# results from tornador....



## ianFRST (Sep 19, 2006)

this offcut of carpet is what i use to neal on when doing things in the garage / outside working on the car.

ive had it for a good 3 - 4 years, and its never been cleaned. after a few passes with the tornador, this is what is achieved










the thing you cant see too well, is the pile of the carpet. it has brought that back to how it use to be










this is what the nozzle looks like after. all you do after is just dunk the end in a bucket of water, and its nice and clean again










and a 50:50 of another matt i keep in the garage










and a 50:50 of the drivers seat of my van










im HUGELY impressed with it. i also did the engine bay of the ST, and i must say, i think it is going to make cleaning them far far easier :thumb:


----------



## paddy328 (Mar 4, 2007)

how does it work and do you have to vac the area that you have used it on afterwards?


----------



## beardboy (Feb 12, 2006)

Was about to post the same as above. :thumb:

I see it's got a hose attached...what does this attach to and how does it all work.

What did you pay for it?


----------



## Maxtor (Feb 23, 2007)

Nice!, but where has the dirt gone?

I thought the tornado was for plastics, dash etc...Or am I missing something?

Regards

Maxtor


----------



## jimmany cricket (Apr 22, 2008)

the hose attaches to a compressor and works by blowing air and or chemical thru the nozzel whilst spinning it with the little tube inside the nozzel therfore lifting the dirt of the surface and blowing it away a bit like a turbo nozzel on a pressure washer if u have ever seen one. my opionion is that its easier to wet vac seats carpets etc unless there quite clean and just need a freshen but its great on hard surfaces ill post some pics tommorrow if i have time ive got grubby starlet to clean


----------



## ianFRST (Sep 19, 2006)

Maxtor said:


> Nice!, but where has the dirt gone?
> 
> I thought the tornado was for plastics, dash etc...Or am I missing something?
> 
> ...


can you not see the pics? :lol:

the nozzle of the tornador sucks the dirt up.

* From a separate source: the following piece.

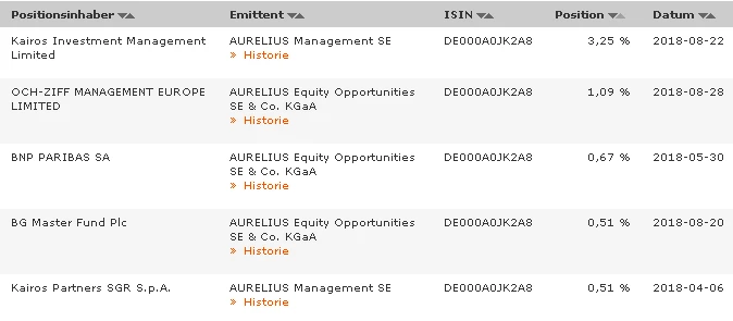 Neben der in London ansässigen Gesellschaft ist eine weitere Kairos-Gesellschaft mit Sitz in Mailand als Leerverkäufer mit 0,51 Prozent eingestiegen. Weiterhin sind die OCH-ZIFF Management Europe Limited, welche zuletzt ihre Position minimal verringerte, die BNP Paribas SA sowie die BG Master Fund Plc mit von der Partie. Insgesamt halten die Shortseller derzeit Netto-Leerverkaufspositionen in Höhe von 6,03 Prozent der Aurelius-Aktien.

it can be used on anything really. as said, i used it on the engine bay and i was HUGELY impressed with it there, lots of small fiddly places the air can get in and clean


----------



## paddy328 (Mar 4, 2007)

I remember seeing a vid of it in action, but your not actually removing the dirt, rather its pushing it out of sight. Plastic surfaces are different i guess.


----------



## ianFRST (Sep 19, 2006)

hows it pushing it out of sight? see 2nd picture. thats after doing the green carpet


----------



## Detail My Ride (Apr 19, 2006)

How does it suck the dirt up? If its suppost to be sucking it up, its not doing a great job as half of it is still left at the end of the nozzle.


----------



## ianFRST (Sep 19, 2006)

jimmany cricket said:


> my opionion is that its easier to wet vac seats carpets etc unless there quite clean and just need a freshen but its great on hard surfaces ill post some pics tommorrow if i have time ive got grubby starlet to clean


disagree on carpets, this will be far more effective doing carpets than a wet vac

seats maybe. but it still did my seat very well quickly


----------



## ianFRST (Sep 19, 2006)

Gaz W said:


> How does it suck the dirt up? If its suppost to be sucking it up, its not doing a great job as half of it is still left at the end of the nozzle.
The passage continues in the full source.